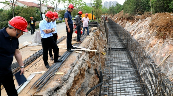 今年6月,泉山森林海小區(qū)的居民們注意到,小區(qū)西墻外的山坡上來了一支施工隊伍。銅山區(qū)排水管護中心主任楊子軍告訴居民,區(qū)委區(qū)政府批準了一個方案,就是實施龍腰山西側(cè)截洪溝改建工程,將山洪攔腰截斷并引入楚河,同時在小區(qū)雨水線路北側(cè)鋪設(shè)污水管,沿玫瑰路向東接入華山路污水管,最終形成一套高水高排、低水低排的洪水排水體系,徹底解決泉山森林海小區(qū)及周邊地區(qū)山洪排水不暢、居民時常遭水患侵擾的現(xiàn)實難題。
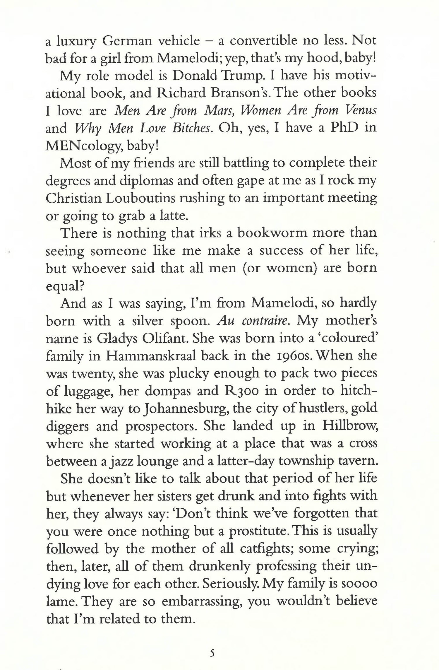 The most exciting new heroine I've read in a very long time' KATIE FFORDE THE INTERNATIONAL BESTSELLER LONGLISTED FOR THE 2018 SOUTH AFRICAN SUNDAY TIMES LITERARY AWARDS Young, beautiful and ambitious, Bontle Tau has Johannesburg wrapped around her finger. Her generous admirers are falling over themselves to pay for her Mercedes, her penthouse, and her Instagrammable holidays. It's her duty to look fabulous - after all, people didn't sacrifice their lives in the freedom struggle for black women to wear the same cheap T-shirts they wore during apartheid. Bontle's come a long way, and it hasn't been easy. Her shrink keeps wanted to talk about a past she's put firmly behind her. And what she doesn't think about can't hurt her, can it? Blessed adj. [pronounced bles-id] The state of being blessed, often referring to a person, usually female, who lives a luxurious lifestyle funded by an older, often married partner, in return for sexual favours.
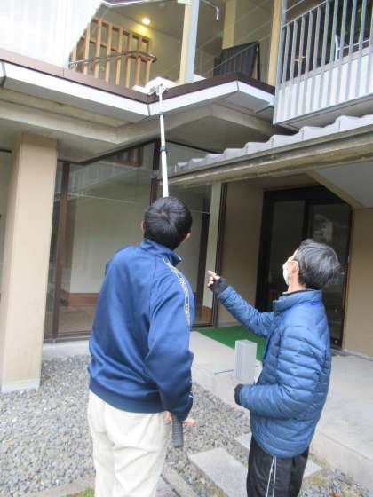 宇多野ユースホステル様にて校外演習を行いました。12月になり気温も低くなりましたが、生徒たちはきびきびとそれぞれの分担場所の清掃に励んでいました。会計年度任用職員の先生から、細かい箇所を見逃すことなく清掃するように指導を受け、用具操作のコツを教えていただきました。
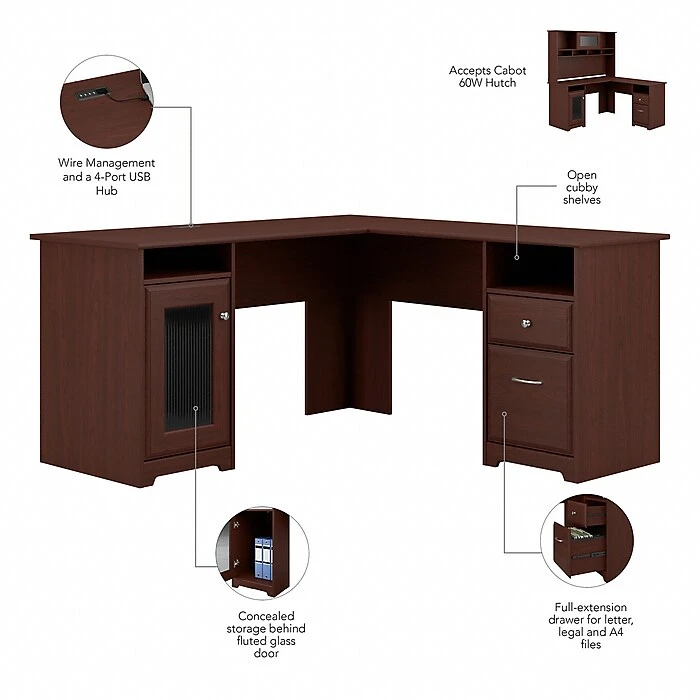 The stylish and functional Bush Furniture Cabot L Shaped Desk with Hutch and Small Storage Cabinet offers a spacious work area for your home or office. Enjoy a beautiful traditional look with smart features. The L Shaped Desk design provides a large durable work surface and storage details including an enclosed cabinet with stylish fluted glass door, a box drawer for supplies and a full-extension file drawer gliding on smooth ball bearing slides. Technology features such as a built-in 4-port USB hub add convenience. The Hutch boasts a matching fluted glass door, large open compartments and four work-in-process areas. The Small Storage Cabinet with Doors offers a stylish approach to organizing books, personal items or supplies. Keep everything in order and out of sight with an adjustable shelf to accommodate items of varying sizes. Backed by a 1 Year Warranty. Meets ANSI/SOHO standards.

**Your task:**
Repeat all the data as it stands, dropping any images it holds.

**Reply:**
 今年6月,泉山森林海小區(qū)的居民們注意到,小區(qū)西墻外的山坡上來了一支施工隊伍。銅山區(qū)排水管護中心主任楊子軍告訴居民,區(qū)委區(qū)政府批準了一個方案,就是實施龍腰山西側(cè)截洪溝改建工程,將山洪攔腰截斷并引入楚河,同時在小區(qū)雨水線路北側(cè)鋪設(shè)污水管,沿玫瑰路向東接入華山路污水管,最終形成一套高水高排、低水低排的洪水排水體系,徹底解決泉山森林海小區(qū)及周邊地區(qū)山洪排水不暢、居民時常遭水患侵擾的現(xiàn)實難題。
 The most exciting new heroine I've read in a very long time' KATIE FFORDE THE INTERNATIONAL BESTSELLER LONGLISTED FOR THE 2018 SOUTH AFRICAN SUNDAY TIMES LITERARY AWARDS Young, beautiful and ambitious, Bontle Tau has Johannesburg wrapped around her finger. Her generous admirers are falling over themselves to pay for her Mercedes, her penthouse, and her Instagrammable holidays. It's her duty to look fabulous - after all, people didn't sacrifice their lives in the freedom struggle for black women to wear the same cheap T-shirts they wore during apartheid. Bontle's come a long way, and it hasn't been easy. Her shrink keeps wanted to talk about a past she's put firmly behind her. And what she doesn't think about can't hurt her, can it? Blessed adj. [pronounced bles-id] The state of being blessed, often referring to a person, usually female, who lives a luxurious lifestyle funded by an older, often married partner, in return for sexual favours.
 宇多野ユースホステル様にて校外演習を行いました。12月になり気温も低くなりましたが、生徒たちはきびきびとそれぞれの分担場所の清掃に励んでいました。会計年度任用職員の先生から、細かい箇所を見逃すことなく清掃するように指導を受け、用具操作のコツを教えていただきました。
 The stylish and functional Bush Furniture Cabot L Shaped Desk with Hutch and Small Storage Cabinet offers a spacious work area for your home or office. Enjoy a beautiful traditional look with smart features. The L Shaped Desk design provides a large durable work surface and storage details including an enclosed cabinet with stylish fluted glass door, a box drawer for supplies and a full-extension file drawer gliding on smooth ball bearing slides. Technology features such as a built-in 4-port USB hub add convenience. The Hutch boasts a matching fluted glass door, large open compartments and four work-in-process areas. The Small Storage Cabinet with Doors offers a stylish approach to organizing books, personal items or supplies. Keep everything in order and out of sight with an adjustable shelf to accommodate items of varying sizes. Backed by a 1 Year Warranty. Meets ANSI/SOHO standards.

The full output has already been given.